« Outage at Chicago Datacenter - 9/18/20Outage / Restore - Saturn Server (7/18/2020) »

Saturn Server Reason For Outage 7/17-7/19/20

July 20, 2020 at 2:29 PM

This report will summarize and go into detail about the outage and recovery efforts on the Saturn server between 7/17/20 and 7/19/20. Note timeframe references are in our local time (CDT, GMT-5).

Summary:

On the night of Thursday 7/16/20 we had scheduled a server reboot to help improve server stability following an issue encountered the day before. The uptime of this server was over 1,000 days and the issue the night before led us to believe a reboot would be helpful to clear out a few old processes that may have been impacting server stability. During the scheduled reboot, the RAID arrays hosting both primary and backup drive data were no longer present aside from two disks on the main RAID 10 array. The data was not recoverable in this state, and so we began recovery efforts on the morning of 7/17 via re-image and restore from the latest backups taken the day of the reboot. Exceptionally slow speeds were cited going into the second half of the data restoration process, which led us to investigate possible underlying complications, ultimately finding that the server recovery had been executed on the wrong array. Options were evaluated for how to proceed, and it was deemed most suitable to re-initiate recovery again on the correct disks which began on the morning of 7/18. Recovery from backup was then completed in the early afternoon of 7/19. 

In depth:

Prior to a reboot on a server with a significant uptime, it is prudent to be sure proper backups are in order and all systems are operating as expected. We verified JetBackup (the backup service on the Saturn server) had taken a full set of successful backups on the same day as the reboot was to be performed, as expected and without complications on any accounts. We also verified via our hardware monitoring services that no issues were being reported. In this case, it is important to note what we were seeing reported by the RAID array at this time which was the following: OK (CTR, LD, PD, CV) -- Broken down, this effectively meant no issues were present on any of the key points related to the RAID configuration or hardware. Virtual drives (the RAID arrays), physical disks, the CacheVault (I/O caching and backup unit), and the controller itself all were scanned within minutes of the reboot and did not report any issues. This monitoring occurs every 5 minutes and all points of concern are checked each time. We were very careful in this case to double-check these monitoring points before the reboot because the server did have several disks replaced last year.

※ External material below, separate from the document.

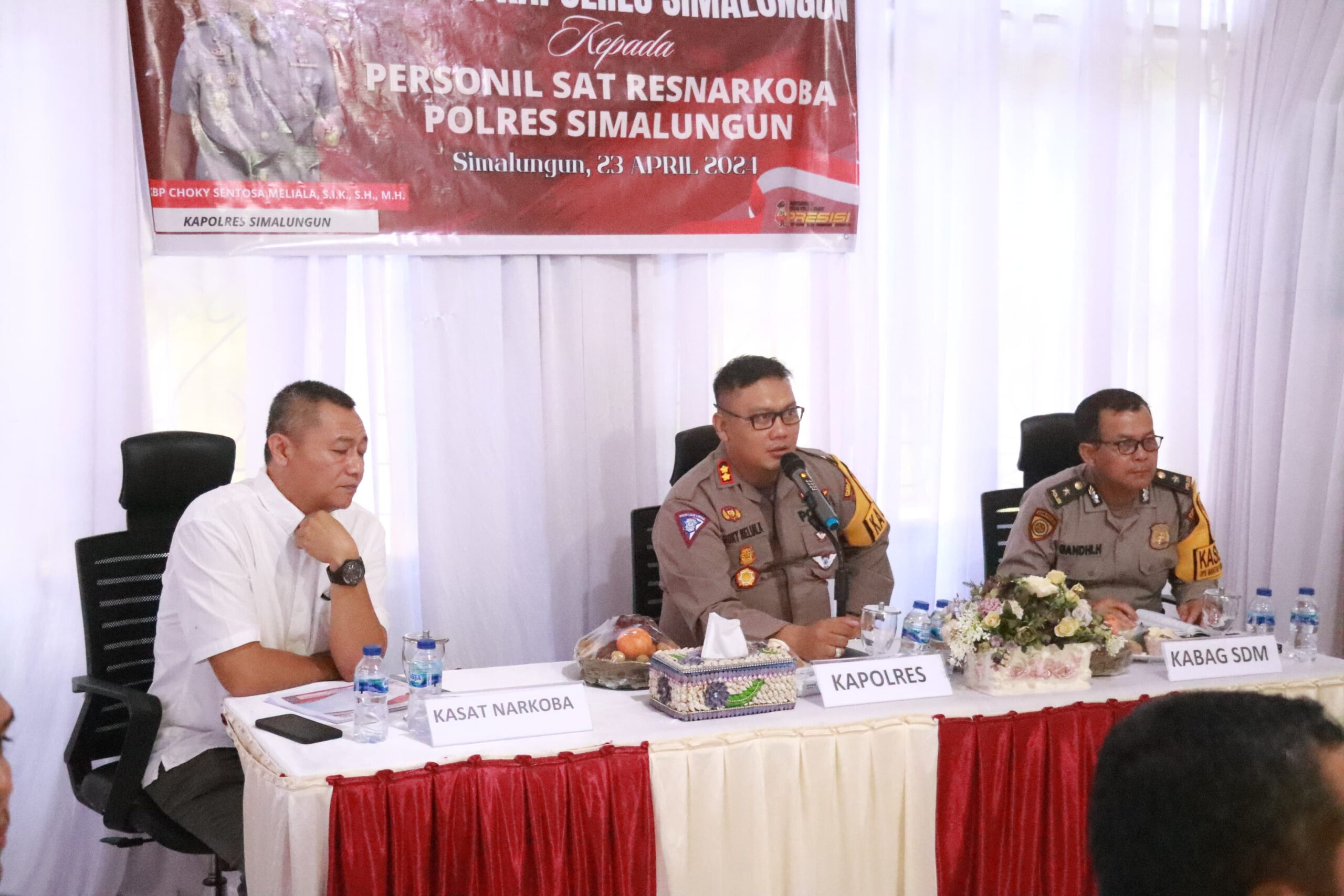 Dalam rangka memperkuat pemberantasan narkotika yang merupakan musuh bersama, Kapolres Simalungun, AKBP Choky Sentosa Meliala, S.I.K., S.H., M.H., secara langsung memimpin kegiatan Penyampaian Arahan kepada Personel Satuan Reserse Narkoba (Sat Resnarkoba) Polres Simalungun. Kegiatan ini dilaksanakan di Kantor Sat Resnarkoba Polres Simalungun, Jalan Jhon Horailam Saragih, Kecamatan Pamatang Raya, Kabupaten Simalungun, pada hari Selasa, 23 April 2024 mulai pukul 13.30 WIB hingga selesai.

Following the reboot, all disks which were hot swapped in the year before had fallen out of their respective RAID arrays. The only two drives remaining with a visible RAID configuration belonged to an unrecoverable portion of the primary RAID array. At this point we began our best efforts to try to recover from the failed RAID arrays, but several hours later after making no progress and evaluating other options with experts in the field, we decided to start a full rebuild of the operating system (OS) & recovery from backups. We also updated the RAID card firmware during this process as we suspected it may have been to blame for the RAID failure, and we tested the integrity of future reboots on the installed drives by doing some stress testing prior to beginning the recovery effort (though that is not to say we will be rebooting the server again anytime soon - for sanity's sake!).

During the initial re-configuration of the server, a mistake was made which put the backup HDD drives in RAID 0 instead of RAID 1, which caused the wrong drives to be interpreted as the primary array during the OS re-install process. This mistake was not realized until late in the evening that same day when it became apparent there was something wrong with the recovery speed. We then evaluated amongst ourselves, and other experts whom we consult with, as to whether trying to clone the drives onto the main array or simply restarting the recovery process entirely was the best course of action. The clone process ultimately could have failed, and would have likely taken several hours to complete and more backups still needed to be restored afterward (about 45% of data remained to be restored). The restarting of the recovery process entirely would be a more certain course of action and afterward the restore from backup would be much faster. Another option was to continue with the restore process and then try the clone or transfer later from the restored data once everything was back online, but this came with other risks (the data was on a RAID 0 array under extreme load being the primary concern) and would have meant *extremely* slow speeds for the duration. If anything went wrong with that process, we would have been forced to restart recovery completely once again.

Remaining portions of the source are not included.